Provided entries >>
- - - - -

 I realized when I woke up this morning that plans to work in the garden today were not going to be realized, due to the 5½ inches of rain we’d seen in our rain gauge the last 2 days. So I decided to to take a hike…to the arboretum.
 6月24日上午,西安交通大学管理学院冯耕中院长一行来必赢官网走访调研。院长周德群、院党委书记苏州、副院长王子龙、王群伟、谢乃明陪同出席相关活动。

- - - - -

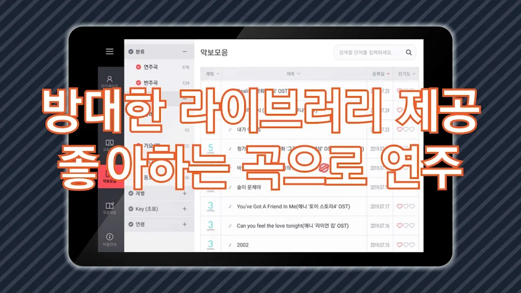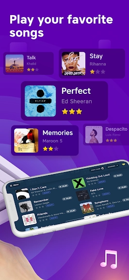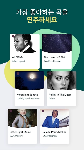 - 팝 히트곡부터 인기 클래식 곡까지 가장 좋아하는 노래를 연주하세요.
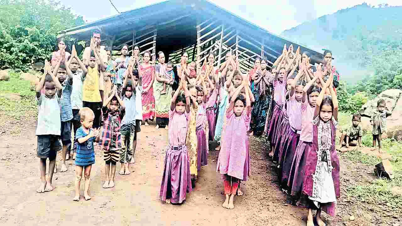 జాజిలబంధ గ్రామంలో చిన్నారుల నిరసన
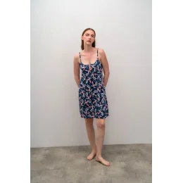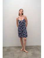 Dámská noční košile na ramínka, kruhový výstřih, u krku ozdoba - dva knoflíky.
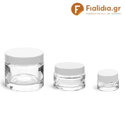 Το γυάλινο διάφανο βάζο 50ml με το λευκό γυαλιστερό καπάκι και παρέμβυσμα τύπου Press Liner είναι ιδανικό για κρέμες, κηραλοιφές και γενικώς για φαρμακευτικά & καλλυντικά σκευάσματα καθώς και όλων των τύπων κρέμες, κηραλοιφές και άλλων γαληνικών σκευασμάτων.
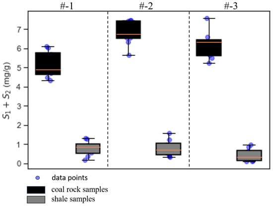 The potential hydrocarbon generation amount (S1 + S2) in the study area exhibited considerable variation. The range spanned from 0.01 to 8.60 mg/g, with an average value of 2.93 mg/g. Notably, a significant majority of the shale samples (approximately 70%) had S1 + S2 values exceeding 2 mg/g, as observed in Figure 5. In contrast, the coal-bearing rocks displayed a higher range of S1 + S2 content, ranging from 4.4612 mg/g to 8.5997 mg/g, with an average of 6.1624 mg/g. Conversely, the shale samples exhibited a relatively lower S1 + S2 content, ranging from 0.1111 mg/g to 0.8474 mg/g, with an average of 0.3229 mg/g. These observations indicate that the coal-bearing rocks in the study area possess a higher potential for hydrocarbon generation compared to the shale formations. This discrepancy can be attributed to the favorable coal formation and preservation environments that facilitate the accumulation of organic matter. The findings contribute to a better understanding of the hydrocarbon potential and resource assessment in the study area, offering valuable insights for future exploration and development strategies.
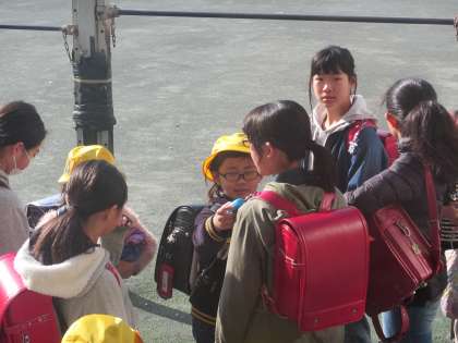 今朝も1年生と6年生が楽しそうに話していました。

- - - - -

Task directions >>
Using the data above, return the lines from the one holding "జాజిలబంధ గ్రామంలో చిన్నారుల నిరసన" through the one holding "今朝も1年生と6年生が楽しそうに話していました。" exactly, but not the pictures.

Solution below >>
 జాజిలబంధ గ్రామంలో చిన్నారుల నిరసన
 Dámská noční košile na ramínka, kruhový výstřih, u krku ozdoba - dva knoflíky.
 Το γυάλινο διάφανο βάζο 50ml με το λευκό γυαλιστερό καπάκι και παρέμβυσμα τύπου Press Liner είναι ιδανικό για κρέμες, κηραλοιφές και γενικώς για φαρμακευτικά & καλλυντικά σκευάσματα καθώς και όλων των τύπων κρέμες, κηραλοιφές και άλλων γαληνικών σκευασμάτων.
 The potential hydrocarbon generation amount (S1 + S2) in the study area exhibited considerable variation. The range spanned from 0.01 to 8.60 mg/g, with an average value of 2.93 mg/g. Notably, a significant majority of the shale samples (approximately 70%) had S1 + S2 values exceeding 2 mg/g, as observed in Figure 5. In contrast, the coal-bearing rocks displayed a higher range of S1 + S2 content, ranging from 4.4612 mg/g to 8.5997 mg/g, with an average of 6.1624 mg/g. Conversely, the shale samples exhibited a relatively lower S1 + S2 content, ranging from 0.1111 mg/g to 0.8474 mg/g, with an average of 0.3229 mg/g. These observations indicate that the coal-bearing rocks in the study area possess a higher potential for hydrocarbon generation compared to the shale formations. This discrepancy can be attributed to the favorable coal formation and preservation environments that facilitate the accumulation of organic matter. The findings contribute to a better understanding of the hydrocarbon potential and resource assessment in the study area, offering valuable insights for future exploration and development strategies.
 今朝も1年生と6年生が楽しそうに話していました。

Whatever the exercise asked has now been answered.